• _DATA SUPPLIED_:
┄┄┄┄┄┄┄┄┄┄

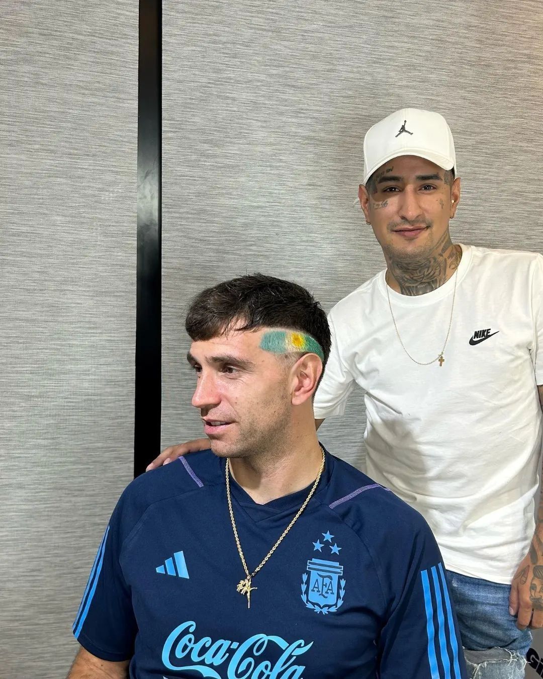 Martínez lucirá un peinado peculiar: la bandera argentina pintada en su cabello, ubicada arriba de su oreja izquierda. Este estilo audaz ya lo exhibió durante el Mundial de Qatar, específicamente en el partido contra Australia en los octavos de final, donde la selección argentina salió victoriosa por 2-1. En ese momento, el arquero reveló que era una apuesta con compañeros como Germán Pezzella, Marcos Acuña y Guido Rodríguez, y que la ganaron.
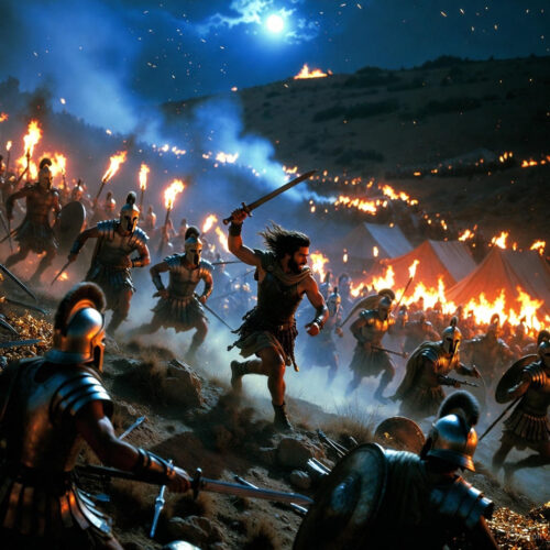 Judas’s strategy was brilliant: divide forces into small units for mobility, use scouts for intelligence, and pray for divine aid before attacks. The rebels armed themselves with captured weapons—swords, spears, and bows—since they lacked heavy armor or cavalry. In 165 BC, Lysias sent Gorgias with 5,000 infantry and 1,000 cavalry to Gophna. Gorgias planned a night raid on Judas’s camp at Emmaus, but Judas, tipped off by scouts, evacuated and counter-attacked the unguarded Seleucid camp, burning it and routing the troops. When Gorgias returned, he found his base in flames and fled.
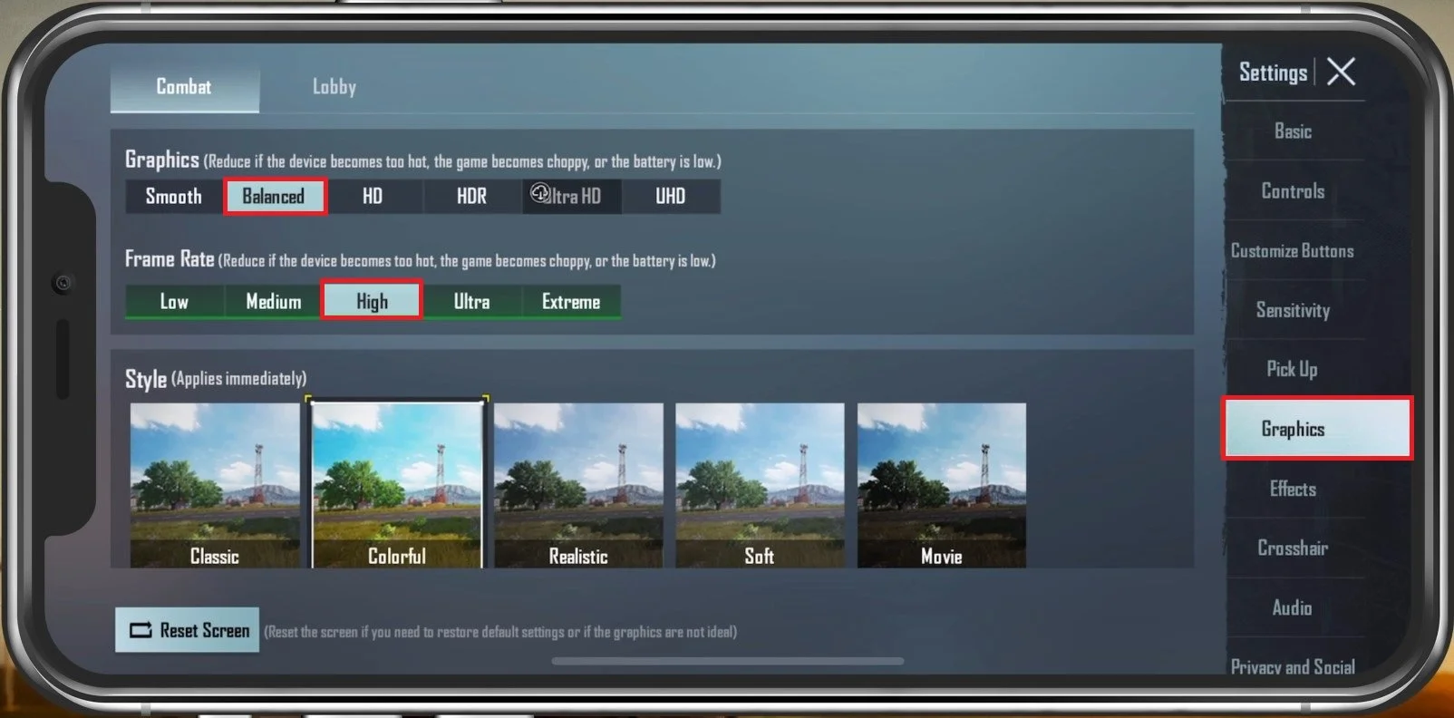Your Graphics settings will have a lot of impact on the performance and quality of your gameplay. I will set these for a low to mid-end device as it will also reduce distractions generated by the game and will help you run PUBG mobile smoothly on any mobile device you wish to use. The overall Graphics setting should be set to Smooth or Balanced. Balanced will allow the game to change your Graphics setting according to your device’s available resources, which I use on an iPhone 11 Pro Max.
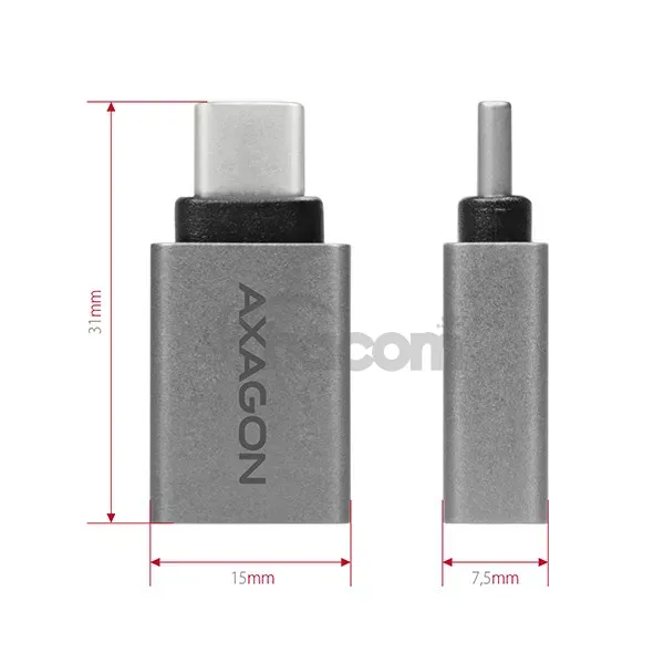- AXAGON RUCM-AFA, USB 3.1 Type-C Male -> Type-A Female ALU redukcie RUCM-AFA
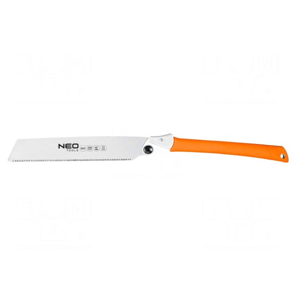 Piła ręczna typu japońskiego o składanej konstrukcji przeznaczona jest do cięcia drewna. Narzędzie wyposażone jest w brzeszczot o długości części roboczej wynoszącej 250mm oraz szeroki profil.

┄┄┄┄┄┄┄┄┄┄

• _WHAT THE TASK REQUIRES_:
Your copy should hold only the lines from the line with "- AXAGON RUCM-AFA, USB" through the end of the data above, both ends included, transcribed exactly and without pictures.

• _OUTPUT FOR THIS EXERCISE_:
- AXAGON RUCM-AFA, USB 3.1 Type-C Male -> Type-A Female ALU redukcie RUCM-AFA
 Piła ręczna typu japońskiego o składanej konstrukcji przeznaczona jest do cięcia drewna. Narzędzie wyposażone jest w brzeszczot o długości części roboczej wynoszącej 250mm oraz szeroki profil.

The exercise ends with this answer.